Let $\mathcal E$ be an $\infty$-topos, and let $t : \mathcal E \to Spaces$ be the unique geometric morphism to $Spaces$. The composite $t_\ast t^\ast : Spaces \to Spaces$ is a left-exact accessible functor, i.e. a pro-space, known as the shape of the $\infty$-topos $\mathcal E$.
Moreover, though, $t_\ast t^\ast$ is obviously a monad, a fact which I haven’t seen discussed in the $\infty$-categorical literature. The analogous monads have been studied in the 1-categorical literature: in Cartesian monads on toposes, Johnstone shows that every monad on $Set$ whose underlying endofunctor is left exact arises as the shape of a topos. He moreover shows that the functor $\mathcal E \mapsto t_\ast t^\ast$, $Topos \to CartMnd(Set)$ is a localization, identifying a topos $\mathcal E$ with its “strongly zero-dimensional localic” reflection [1]. This leads to an obvious
Question 1: How much of this story lifts to $\infty$-topoi?
Does every monad $T$ on $Spaces$ whose underlying endofunctor is left-exact arise as $T = t_\ast t^\ast$ for some $\infty$-topos $\mathcal E$?
Is the resulting “enhanced shape” $\infty-Topos \to CartMnd(Spaces)$ a localization?
Can we characterize these possible “enhanced shapes” in a way analogous to the “strongly zero-dimensional locales” of Johnstone?
Question 2: Shapes of $\infty$-topoi are used to do real work (see e.g. etale homotopy theory, exodromy, ... ). Can we get more mileage out of $\infty$-topos-theoretic shape theory by considering this monad aspect?

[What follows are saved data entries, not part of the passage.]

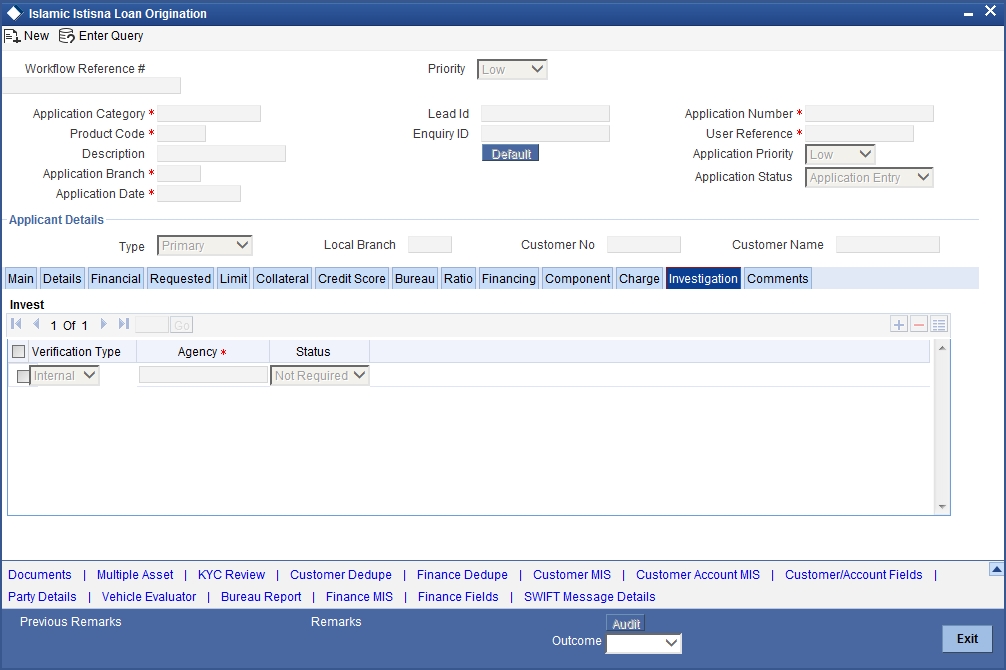 You can key-in the Finance application details required in ‘Istisna Document Verification’ screen.
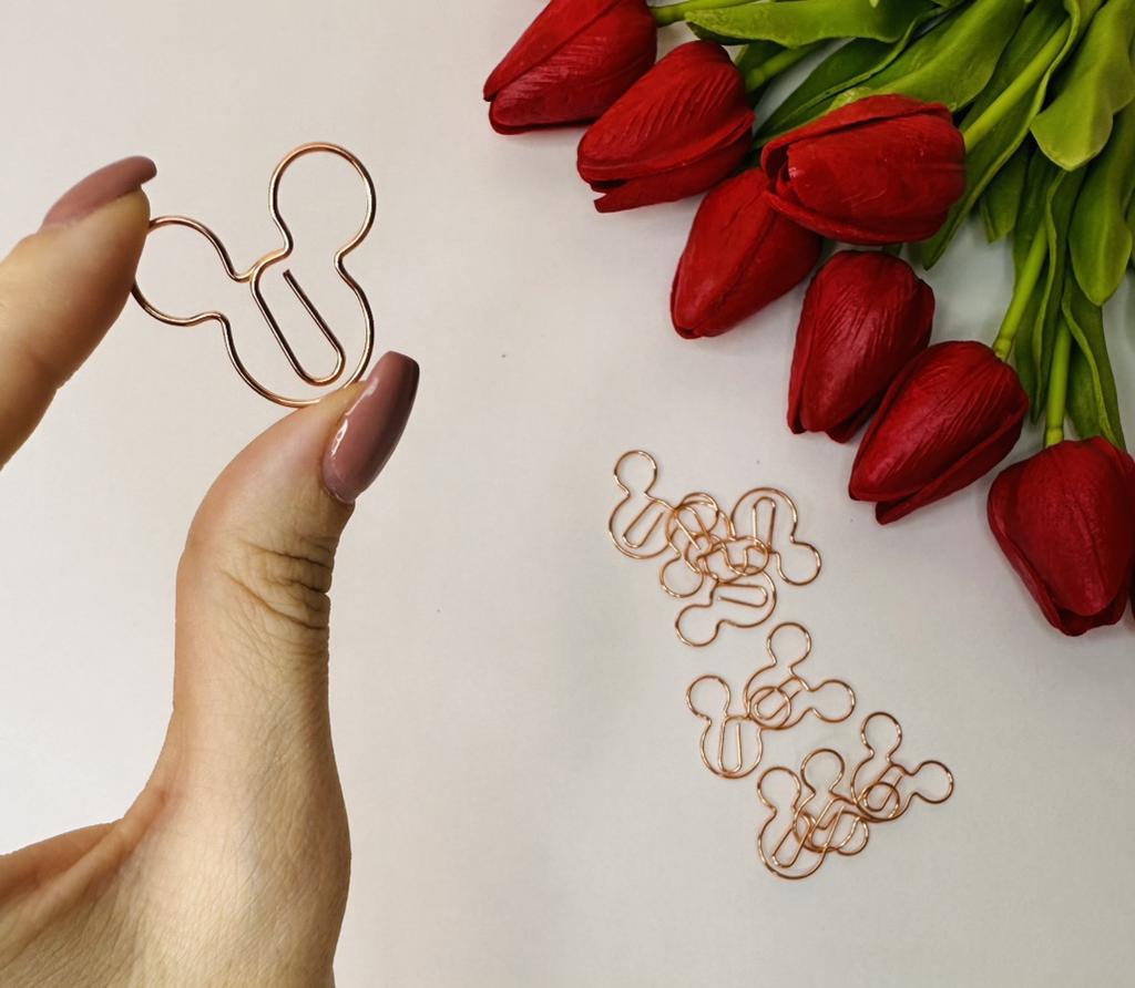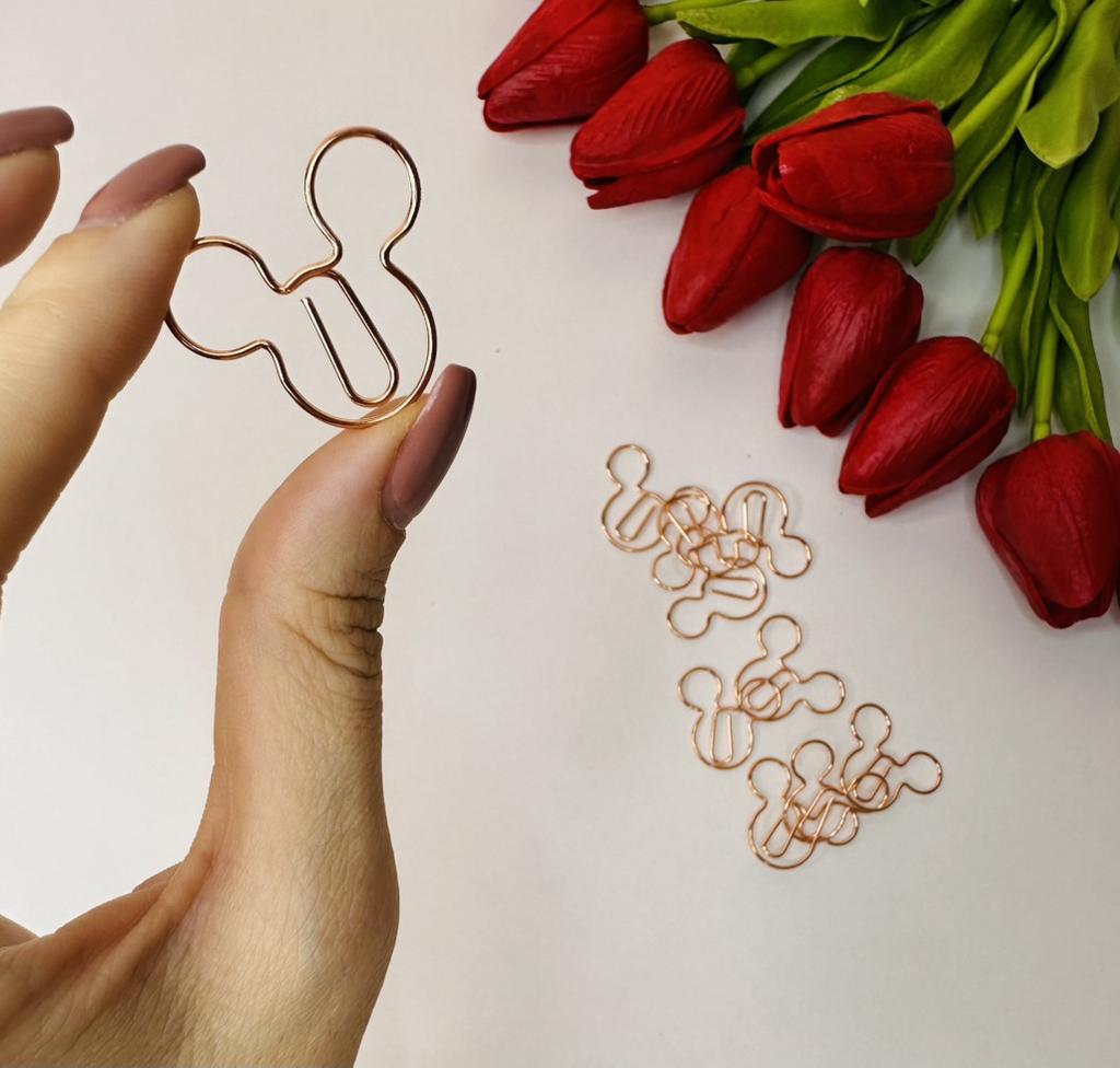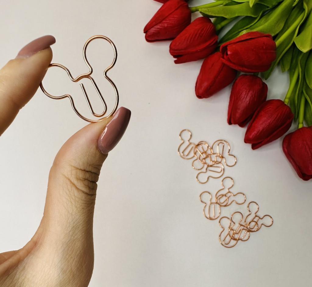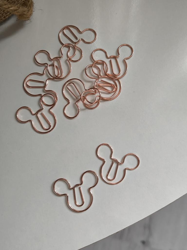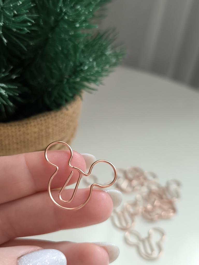 ๐บ Paperclips ๐บPaper clips are made in the shape of Mickey Mouse, from thick golden wire. ๐บIn the set of 10 pieces, strong. ๐บUnusual, can be used as a bookmark.๐๐๐๐
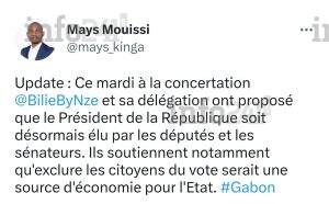 Le mercredi 22 février 2023, alors qu’il était encore à la primature, Alain-Claude Billie By Nzé aurait suggéré, lors de la concertation politique de 10 jours convoquée par Ali Bongo, que l’élection présidentielle se fasse dorénavant par le Parlement. Une proposition relayée par l’analyste économique de l’époque Mays Mouissi, qui affirmait sur Twitter, aujourd’hui X.
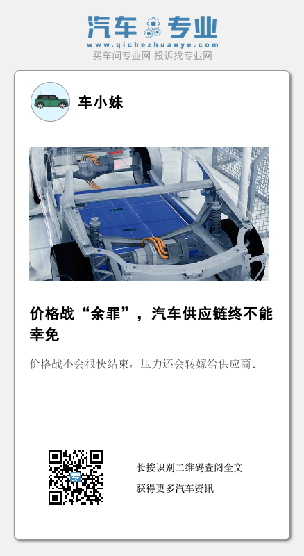 终局也可想而知,供应链中的弱者将面临被踢出游戏的高风险。价格战延续之下的“余罪”,汽车供应链终不能幸免。
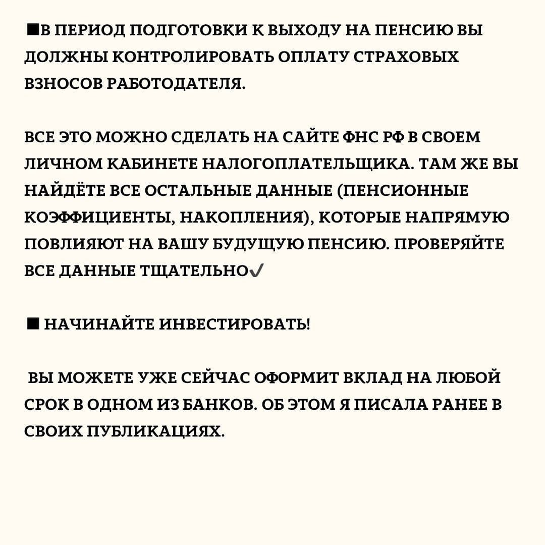 ◼️В целом, подготовка к пенсии должна начинаться с определенной стратегии, которую каждый сам себе выбирает☝🏻Именно эта стратегия будет хорошо работать для формирования пенсионных выплат в вашем ближайшем будущем.
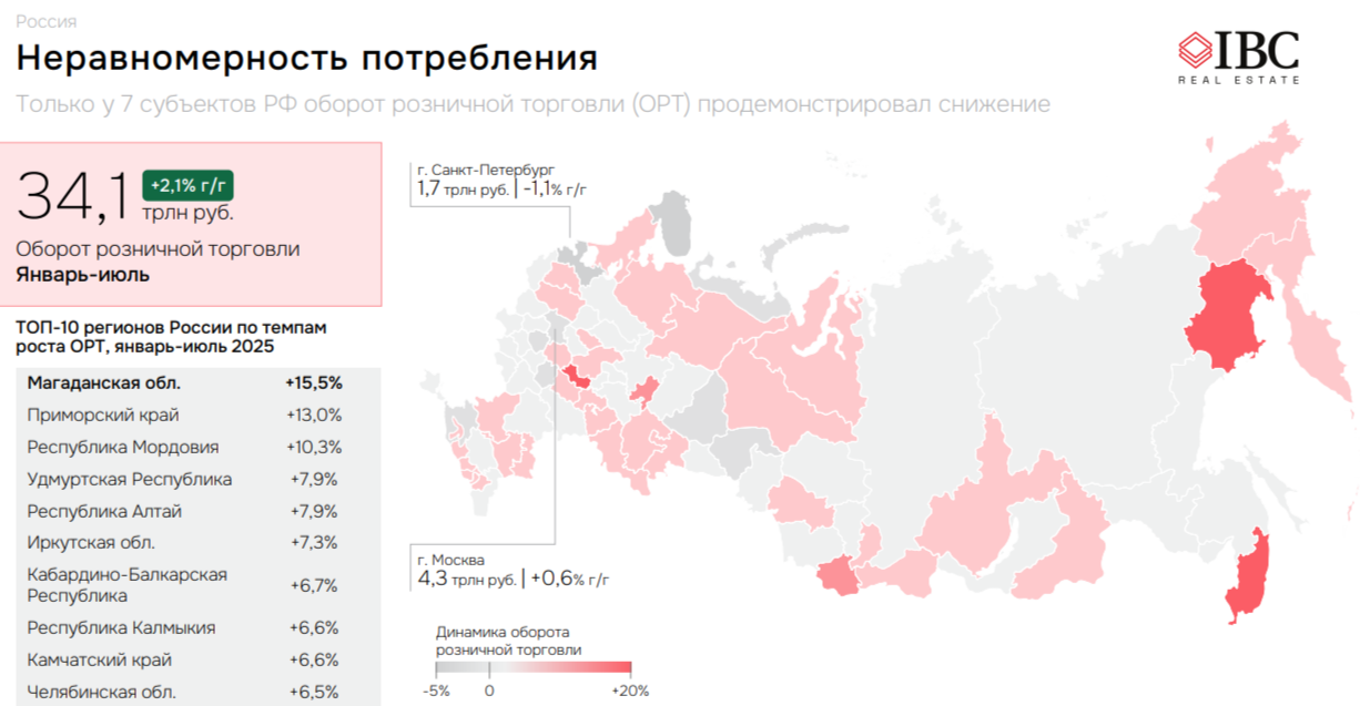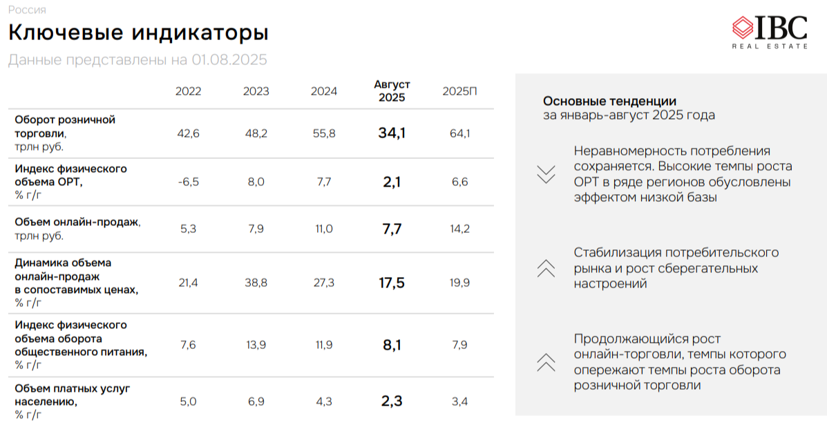 «Население продолжает тратить, однако динамика роста демонстрирует снижение. Среди тенденций, которые мы увидим до конца 2025 года, будет сохранение сдержанных темпов потребительского рынка», - указала руководитель департамента исследований и аналитики IBC Real Estate Екатерина Ногай.

[1] A topological space is “strongly zero-dimensional” if it is zero-dimensional and moreover every open cover has a pairwise-disjoint open refinement. Every compact (even Lindelof) zero-dimensional space is strongly zero-dimensional, but there are noncompact ones and not every zero-dimensional space is strongly zero-dimensional.